The input: Begin

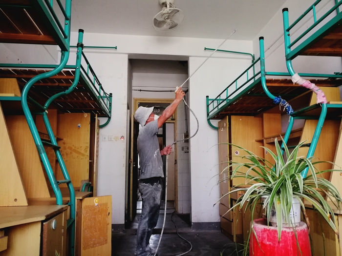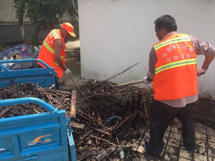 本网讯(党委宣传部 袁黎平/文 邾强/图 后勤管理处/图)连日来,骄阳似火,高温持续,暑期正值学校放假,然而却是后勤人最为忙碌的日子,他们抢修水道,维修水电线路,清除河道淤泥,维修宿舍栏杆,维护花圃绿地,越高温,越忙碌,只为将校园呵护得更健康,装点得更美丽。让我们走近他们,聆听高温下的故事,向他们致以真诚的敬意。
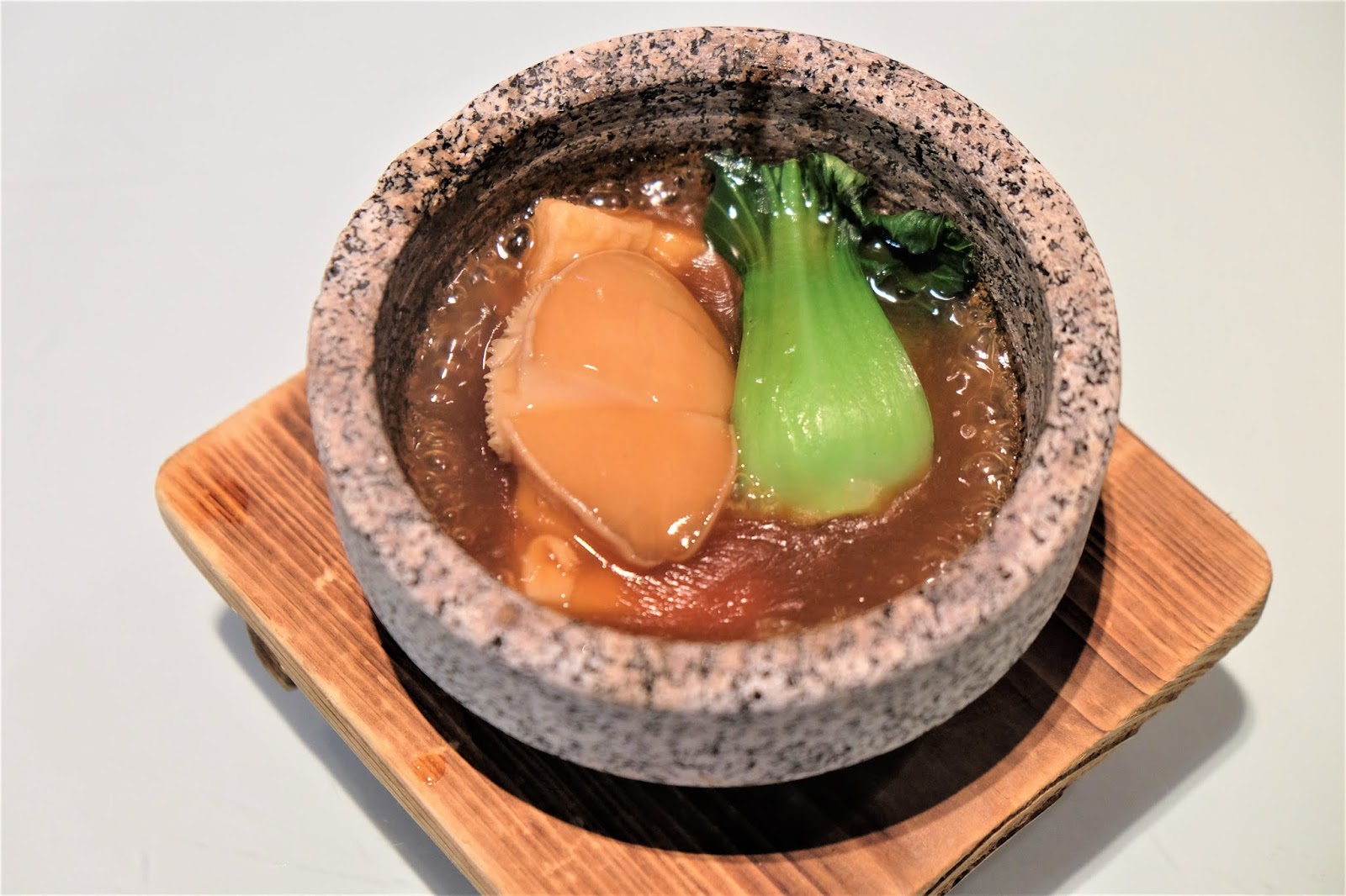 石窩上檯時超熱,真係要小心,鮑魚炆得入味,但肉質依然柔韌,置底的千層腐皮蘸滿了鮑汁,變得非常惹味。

The input: End
The input: Begin

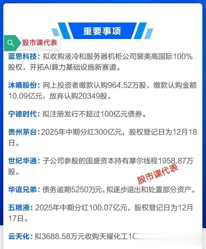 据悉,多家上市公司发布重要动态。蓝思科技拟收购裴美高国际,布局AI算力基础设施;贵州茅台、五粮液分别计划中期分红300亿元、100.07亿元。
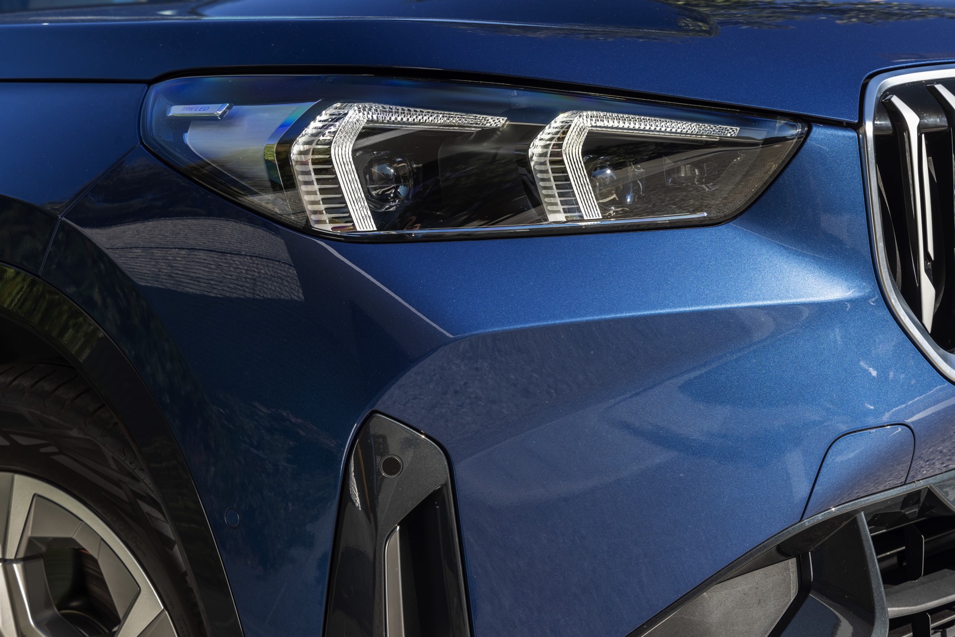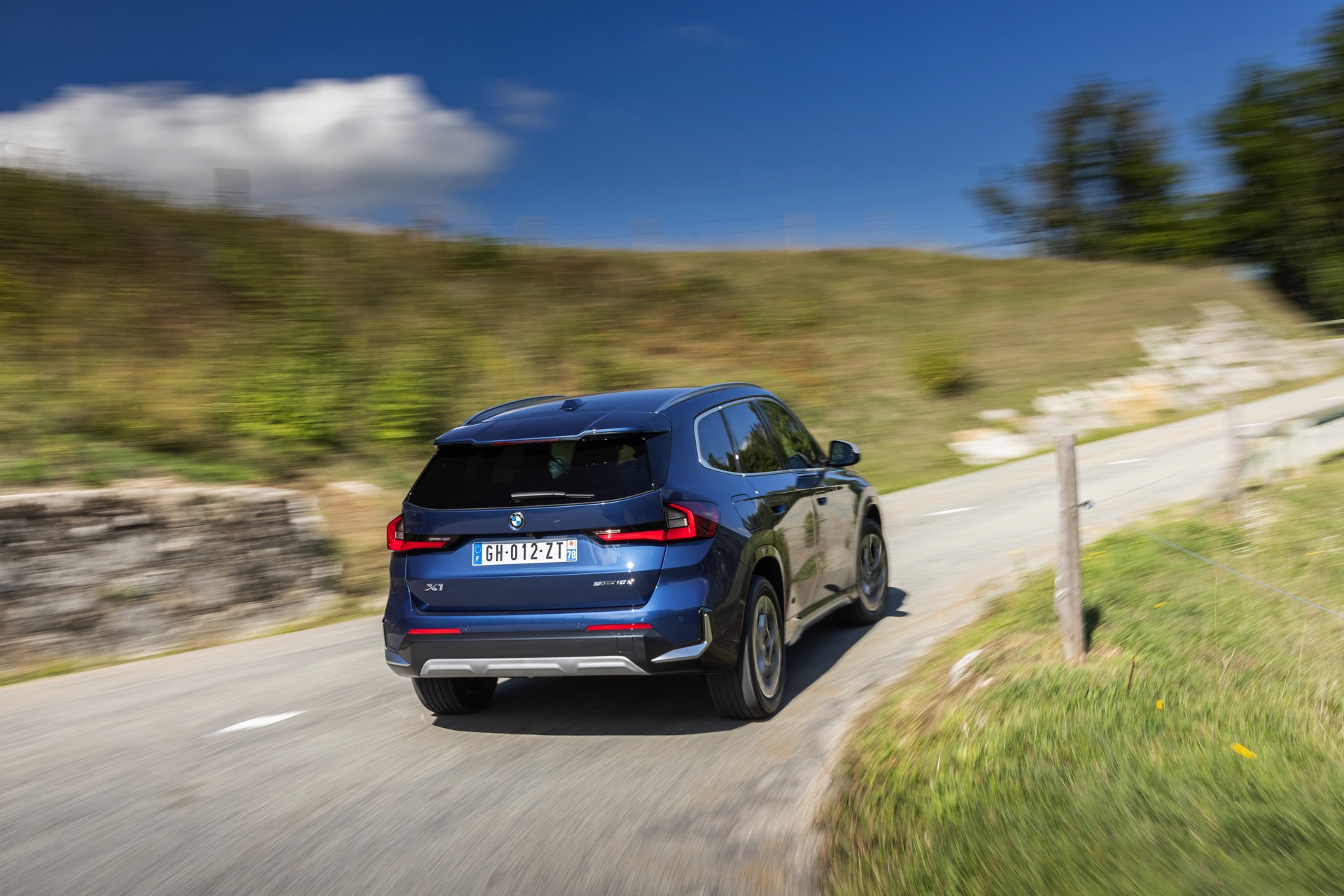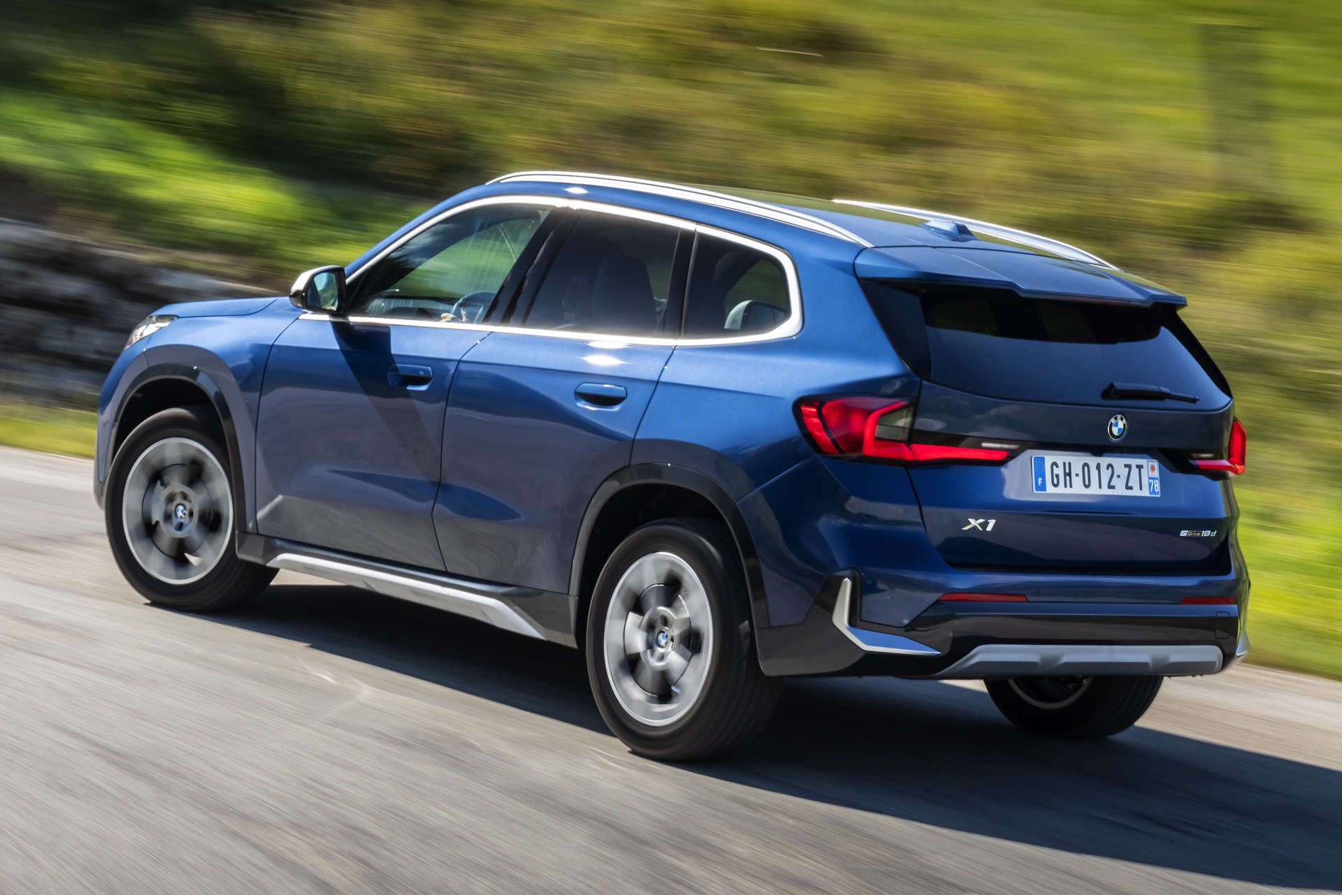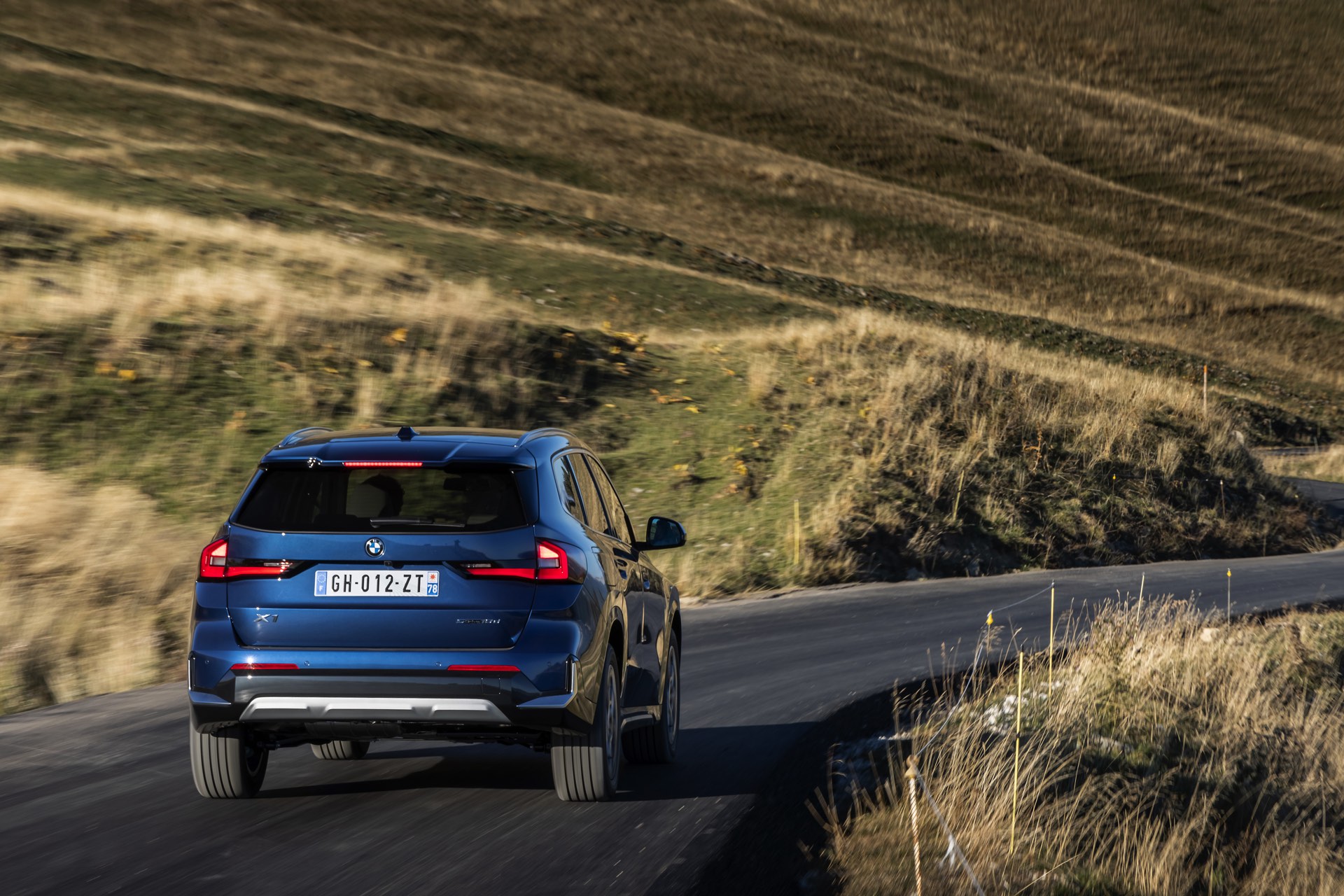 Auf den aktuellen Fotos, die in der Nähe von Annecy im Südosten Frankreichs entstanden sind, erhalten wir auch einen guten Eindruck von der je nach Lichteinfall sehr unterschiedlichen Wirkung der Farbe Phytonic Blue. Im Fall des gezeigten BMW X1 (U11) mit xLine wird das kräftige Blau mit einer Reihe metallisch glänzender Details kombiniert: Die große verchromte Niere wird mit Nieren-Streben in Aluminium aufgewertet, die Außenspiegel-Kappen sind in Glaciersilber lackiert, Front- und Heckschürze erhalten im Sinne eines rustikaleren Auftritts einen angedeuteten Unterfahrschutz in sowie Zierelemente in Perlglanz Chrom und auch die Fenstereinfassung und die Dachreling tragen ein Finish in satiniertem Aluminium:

The input: End
The input: Begin

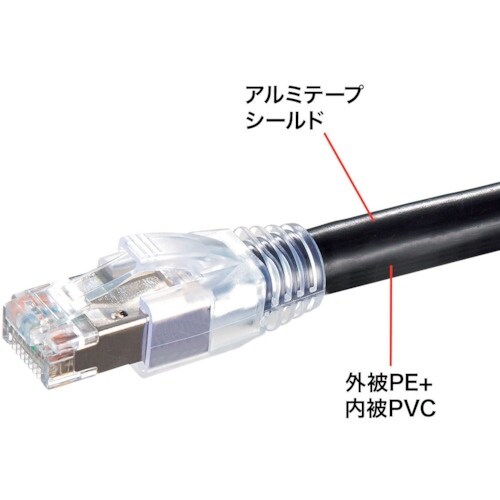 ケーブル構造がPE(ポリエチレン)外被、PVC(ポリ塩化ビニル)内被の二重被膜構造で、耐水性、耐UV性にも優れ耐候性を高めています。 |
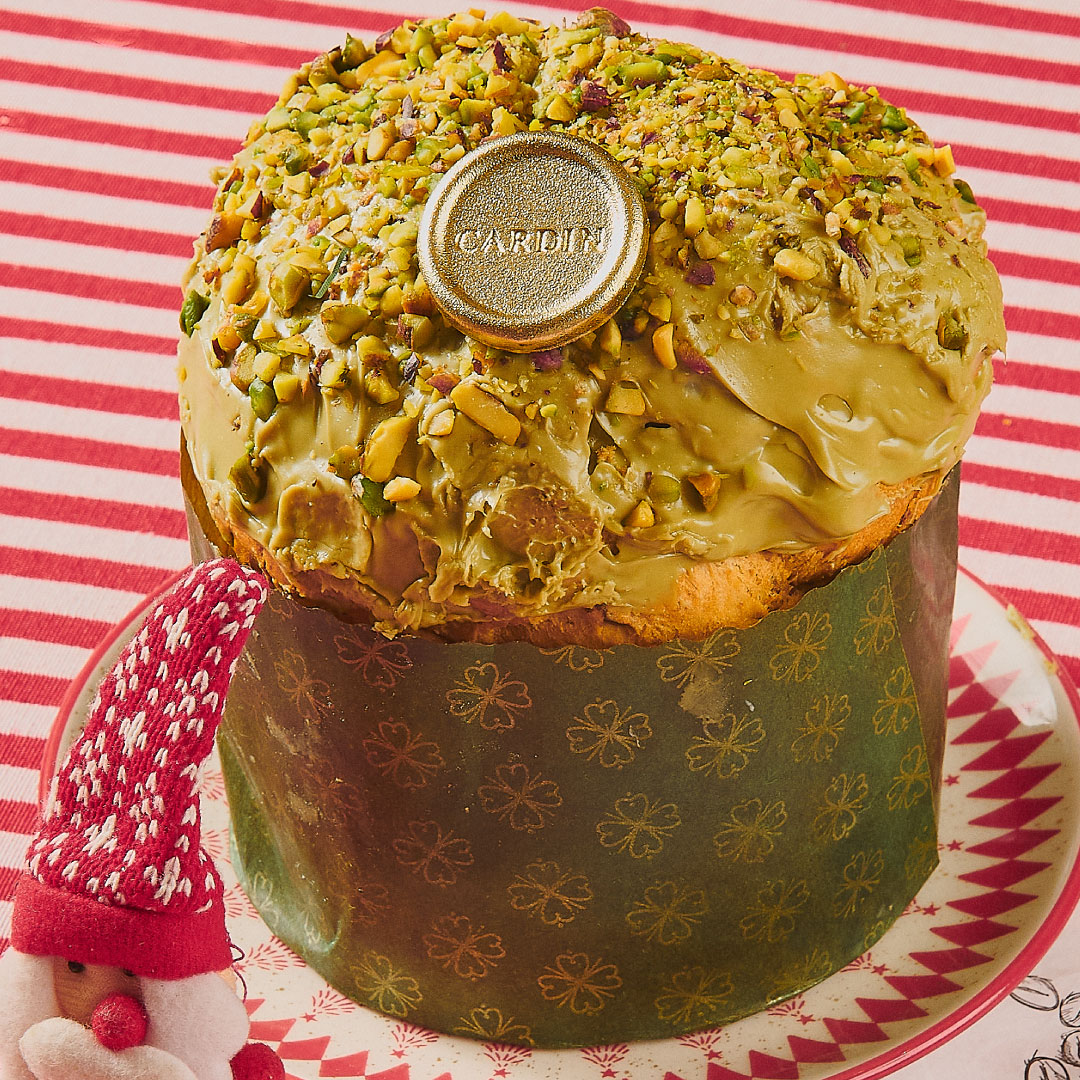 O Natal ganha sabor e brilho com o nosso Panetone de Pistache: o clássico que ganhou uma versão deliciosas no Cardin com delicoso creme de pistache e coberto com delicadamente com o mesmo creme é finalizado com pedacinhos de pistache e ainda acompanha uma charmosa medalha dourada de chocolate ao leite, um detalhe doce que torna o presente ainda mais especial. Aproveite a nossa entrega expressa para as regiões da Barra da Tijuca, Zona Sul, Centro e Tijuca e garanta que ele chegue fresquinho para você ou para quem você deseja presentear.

The input: End

Reproduce the listing above only between the lines holding "本网讯(党委宣传部 袁黎平/文 邾强/图" and "石窩上檯時超熱,真係要小心,鮑魚炆得入味", inclusive. Every line must match exactly, and pictures are dropped.

 本网讯(党委宣传部 袁黎平/文 邾强/图 后勤管理处/图)连日来,骄阳似火,高温持续,暑期正值学校放假,然而却是后勤人最为忙碌的日子,他们抢修水道,维修水电线路,清除河道淤泥,维修宿舍栏杆,维护花圃绿地,越高温,越忙碌,只为将校园呵护得更健康,装点得更美丽。让我们走近他们,聆听高温下的故事,向他们致以真诚的敬意。
 石窩上檯時超熱,真係要小心,鮑魚炆得入味,但肉質依然柔韌,置底的千層腐皮蘸滿了鮑汁,變得非常惹味。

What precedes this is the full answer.